__TASK ITEM__:
With the pictures left out, reproduce exactly the lines running from the line with "的一场。达马克不仅状态跌入谷" to the last line of the material below.

__PROVIDED RECORDS__:
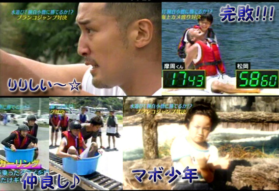 DASHでもマボが大活躍。リーダーが大活躍なのは、もう当たり前(?)だからね。高いトコ苦手なのに、「手が震えてますよ」と子供たちに指摘されながらも、あのブランコは頑張ったね~☆海上カメ渡り、以前、忍者対決(?)した時、華麗に走り抜けてたので、いい線行くかな?と思ったけど、撃沈!対決した摩周くん、イケメンでしたね♪幼少の写真は、10周年パンフに載ってたヤツね。来週はDASH海岸に勢ぞろいですね♪楽しみ~☆
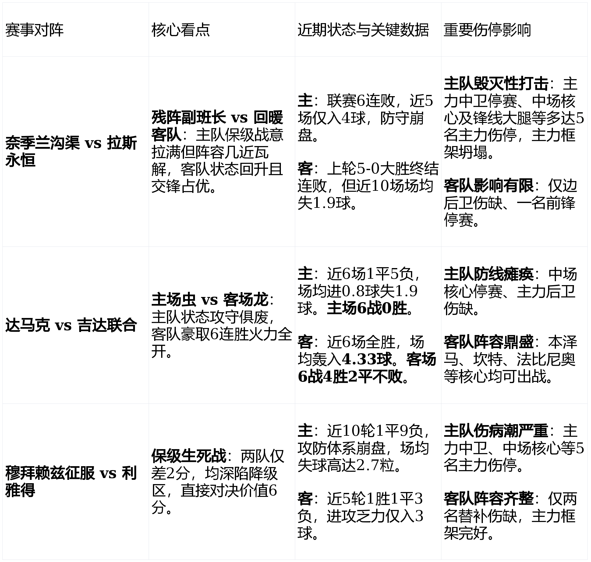 的一场。达马克不仅状态跌入谷底(近6场1平5负),主场更是毫无战力(6战0胜),且防线因伤停近乎瘫痪。反观吉达联合,正处在本赛季最佳时期,6连胜期间场均4.33球的火力堪称恐怖,由本泽马领衔的锋线和坎特+法比尼奥构筑的中场,无论在技术还是对抗上都形成碾压。
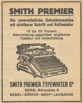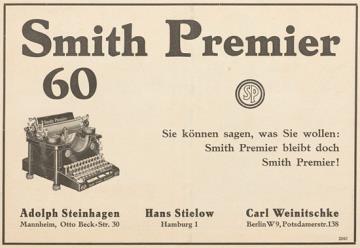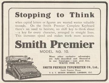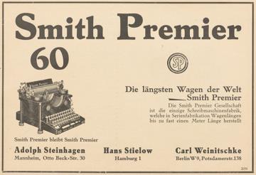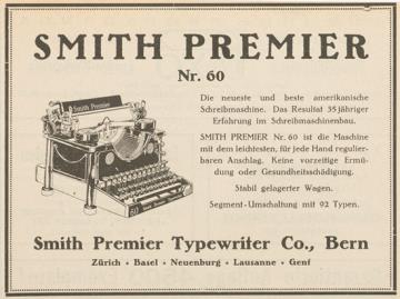 Werbeanzeige für Schreibmaschine Smith Premier monochrom
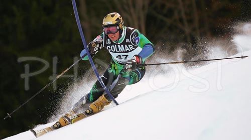 : Drago Grubelnik of Slovenia skiing during FIS World Cup Slalom race in Kranjska Gora, Slovenia. Race was won by Giorgio Rocca of Italy, Thomas Grandi of Canada placed second, while Ted Ligety of USA finished third. Grubelnik finished 12th.
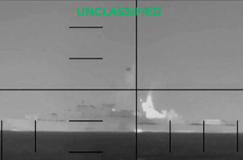 El barco en cuestión fue «alcanzado por un misil en el norte del Golfo Pérsico». Actualmente está en llamas», anunciaron en un comunicado leído en la televisión estatal.

__RESULT OF THE TASK__:
 的一场。达马克不仅状态跌入谷底(近6场1平5负),主场更是毫无战力(6战0胜),且防线因伤停近乎瘫痪。反观吉达联合,正处在本赛季最佳时期,6连胜期间场均4.33球的火力堪称恐怖,由本泽马领衔的锋线和坎特+法比尼奥构筑的中场,无论在技术还是对抗上都形成碾压。
 Werbeanzeige für Schreibmaschine Smith Premier monochrom
 : Drago Grubelnik of Slovenia skiing during FIS World Cup Slalom race in Kranjska Gora, Slovenia. Race was won by Giorgio Rocca of Italy, Thomas Grandi of Canada placed second, while Ted Ligety of USA finished third. Grubelnik finished 12th.
 El barco en cuestión fue «alcanzado por un misil en el norte del Golfo Pérsico». Actualmente está en llamas», anunciaron en un comunicado leído en la televisión estatal.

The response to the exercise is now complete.